The Lyme community has lost an important hero and friend–and so did I. Leslie Wermers, 41, died from heart failure in her sleep on November 2nd. It’s hard to imagine Leslie’s heart giving out, because for anyone who knew her she was all heart. A dear friend to so many and a tireless worker on behalf of the Minnesota and national Lyme communities, Leslie gave everything she had to help others who were sick. And everything she had was an abundant reserve of love and support–even as her own health waned.
The first time I heard from Leslie was in an email several years ago during production of UNDER OUR SKIN. She said that watching the film trailer changed her life:
“You see, Andy, I had no will to live. I was so sick, with no answers and just wanted it to end. That was until I saw the trailer. You have given me so much joy….Your documentary saved my life.”
Since then, Leslie became our greatest film fan and an activist whose sole goal was to help others avoid a fate she couldn’t avoid herself. I finally met Leslie at the Iowa Lyme memorial which we covered for our film. Though she herself drove more than four hours to be there, she gave our crew a hero’s welcome. Here is a video compilation of our interview with Leslie. Her words are humbling and prophetic.
Later, Leslie and her sister Tracie (who also has Lyme and worked with Leslie on behalf of Lyme sufferers) sent us a picture of their version of the film’s widely-used image of Mandy in the pool. Leslie wrote: “Tracie and I thought that this photo represents our passion to continue to help you finish this project, that will save so many lives.”

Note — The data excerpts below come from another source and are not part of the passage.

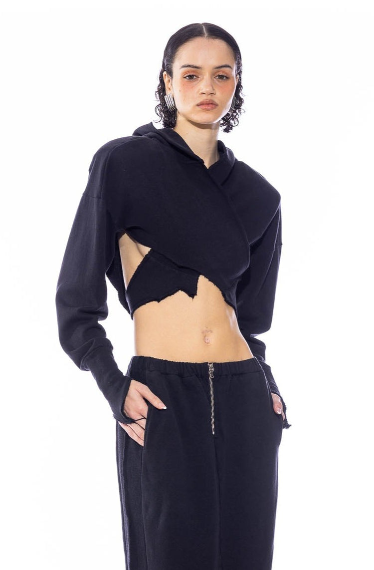 Raw hem with victorian cuffs, finger elastic, hood and removable shoulder pads.
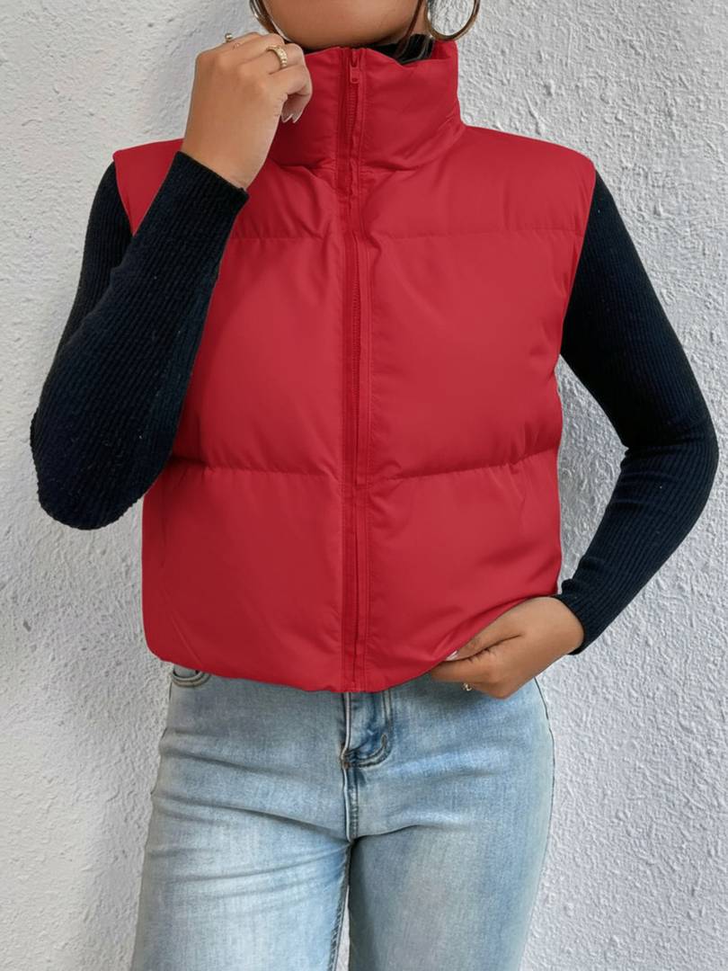 Stay warm and stylish with this puffer vest for women. Featuring a sleek, sleeveless design, it’s perfect for layering over your favorite sweater or top. Crafted from lightweight, breathable polyester material, this jacket ensures comfort and warmth during chilly days. Ideal for casual and outdoor wear.
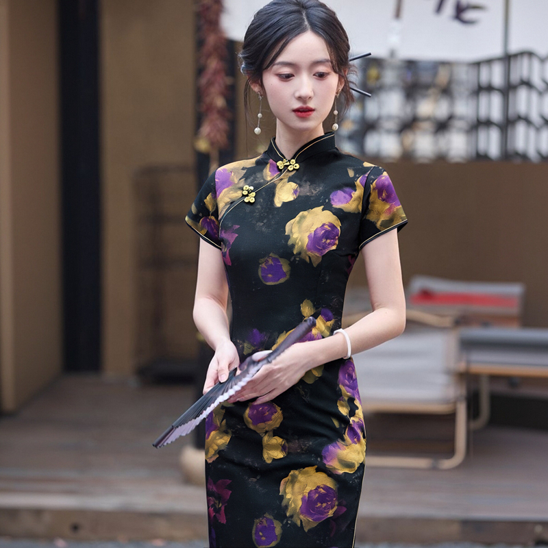中国风中长款改良旗袍2025新款年轻款少女复古修身日常可穿夏季
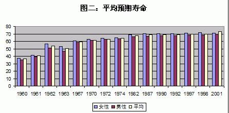 在這樣的背景下,我們當然希望看到中國人民的健康狀況在這些年裏大為改善。但現實並非完全如此。國際上通常用兩個指標來反映和比較一個國家國民的健康狀況。一是平均期望壽命,一是嬰兒死亡率。談到這兩項指標,我們的政府官員往往會很自豪地指出,我國的平均壽命己從解放前的35歲上升到2001年的71。8歲,高於世界平均壽命(65歲)和中等收入國家的平均壽命(69歲)。同時,我國的嬰兒死亡率也從解放前的200‰左右下降到目前的32‰,而世界的平均水平是44‰,中等收入的國家是30‰。不錯,從這兩個國際通用的指標來看,中國人民的健康水平總體上的確已經處於發展中國家的前列。達到了中等收入國家的平均水平。但是,人們往往忽略了一個簡單的事實:如此輝煌的成就主要是在八十年代以前取得的。圖二描繪了我國人均期望壽命在1960-2001年間的變化,它清楚地表明,人均壽命的增長基本上是在六十年代和七十年代完成的。八十年代以後,增長似乎失去了動力。
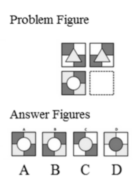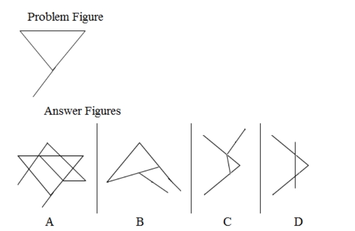 दिया गया समस्या चित्र (Problem Figure) नीचे के उत्तर चित्रों (Answer Figures) में से किसी एक में सन्निहित है। उस उत्तर चित्र (Answer Figure) की पहचान करें।

Beyond her mission of service, Leslie’s sense of humor and gusto were legendary. Over the next few years hers was a familiar voice in our office–calling regularly to tell us how much she appreciated our work, how we were her “angels,” and how much she loved us. But her love didn’t stop here. It was extended to so many people nationwide who were sick and struggling in solitude with the disease. Leslie and Tracie founded the patients’ advocacy group Minnesota Lymefighters Advocacy. Suffering from Lyme induced insomnia, she had late-night conversations with people across the country–many of whom she had never met–offering them words of encouragement, hope and affection. It is a testament to her profound affect on so many and the deep emptiness she leaves that so many have been moved by her passing, never having even met her.
Leslie’s death leaves a deep hole in my heart and in so many others, including her loving family and partner, Paula. Her indomitable spirit and passion for life were equaled only by her anger at the injustices wrought by Lyme ignorance and her dedication to help heal. May this be a lesson–Leslie’s legacy–for all of us.